Select Page

Anne Simon reflects on self-isolating in the 16th century, with comparisons to today’s situation in the time of COVID-19

Katerina Lemmel in Birgittine habit (Imhoff-Tetzel-Holzschuher Epitaph, church of St. Sebaldus, Nuremberg). Wikimedia Commons. Author: Volker Schier

As a nun Katerina Lemmel (1466-1533) was, of course, used to self-isolating, although that had not always been the case. Born into one of the wealthiest, most powerful merchant families in late-medieval Nuremberg, she was accustomed to the hustle and bustle of the city’s business, cultural and intellectual life.  Nuremberg, one of the richest, politically most important cities in the Holy Roman Empire and a leading financial market of the age, stood at the crossroads of numerous trade routes which stretched across Europe from London to Russia to Sicily to Scandinavia to Poland to Spain ‒ and even further afield to Alexandria, India and, via Lisbon, the New World.

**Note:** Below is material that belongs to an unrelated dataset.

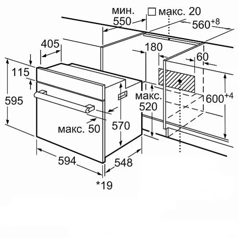 | Габариты ниши для встраивания (ВхШхГ) | 575-597х560- 568х550 мм |

A main source of the city’s wealth was the all-important spice trade:  pepper was more valuable than gold, and Nuremberg held the monopoly on the most precious spice of all, saffron. The city was also famous for metal goods, tools, clocks and scientific instruments (nautical, surgical, astronomical). Trade brought news and information (Luther called the city ‘das Auge und Ohr Deutschlands’), openness to intellectual currents and new ideas (Nuremberg was an early centre of Humanism), and the wealth to support artists of the calibre of Albrecht Dürer, Michael Wolgemut, Veit Stoß, Veit Hirsvogel and Adam Kraft.  Katerina Lemmel herself had been a successful businesswoman, investing in property, mining, agriculture and viticulture.  When, on the death of her husband, she left this world behind to become a Birgittine nun at the convent of Maria Mai in Maihingen in 1516, her life changed radically.  Of course, relocating for religious reasons is not quite the same as celebrity self-isolation in Cornwall or the Caribbean, but there are some similarities to the current situation.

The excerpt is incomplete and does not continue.